On Nov 14, 2014, at 1:23 AM, Brendan Thompson wrote:
> Hello. I'm developing an extension for Adobe CC products (CEP) that uses node
> to upload a small CSV file to an ftp server.
>
> Using jsftp I'm able to write a file to my server but the contents are empty.
> Its just and empty file and not the data I intended to send.
>
> Here is my code.
>
> function uploadHours() {
> var jsftp = require("jsftp");
>
> var ftp = new jsftp({
> host: localStorage.host,
> port: Number(localStorage.port), // defaults to 21
> user: localStorage.user, // defaults to "anonymous"

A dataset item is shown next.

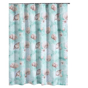 Cortina de chuveiro Benjara Logan de 72 polegadas, estampa de conchas em azul claro costeiro
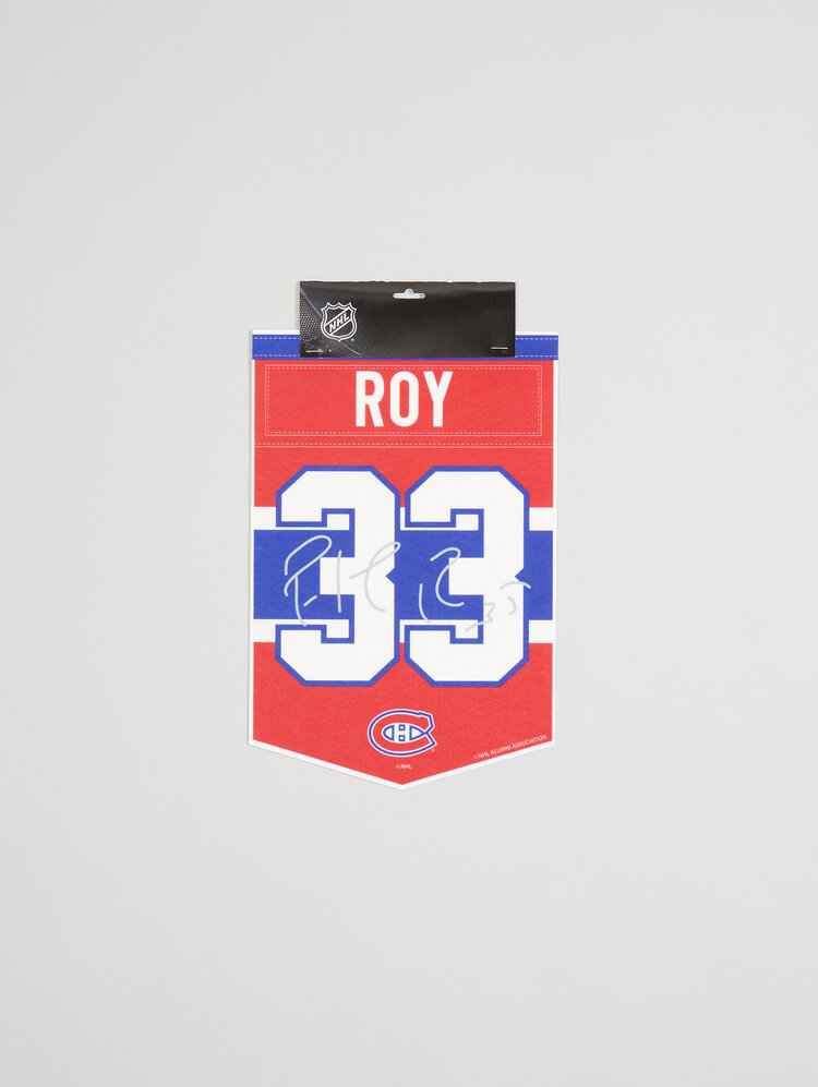 Celebrate the legacy of one of the greatest Canadiens players with the Patrick Roy #33 Replica Signature Mini-Banner. This premium mini-banner is a tribute to "Saint Patrick" and his incredible career with the Montreal Canadiens. Featuring Patrick Roy's iconic #33 and a replica of his signature, this collectible piece is perfect for any fan looking to honor the hockey legend.

> pass: localStorage.ftpPass // defaults to "@anonymous"
> });
>
> ftp.auth(localStorage.user, localStorage.ftpPass, function(hadErr) {
> if (!hadErr)
> alert("auth succesfull")
> });
> ;
> ftp.put('C:/Program Files/Adobe/Adobe After Effects CC 2014/Support
> Files/Hours Tracker/index2.html', '/public_html/indexTester2.html',
> function(hadErr) {
> if (!hadError)
> alert("File transferred successfully!");
> });
> }
>
> I'm what you call a total rookie at node so any help is awesome.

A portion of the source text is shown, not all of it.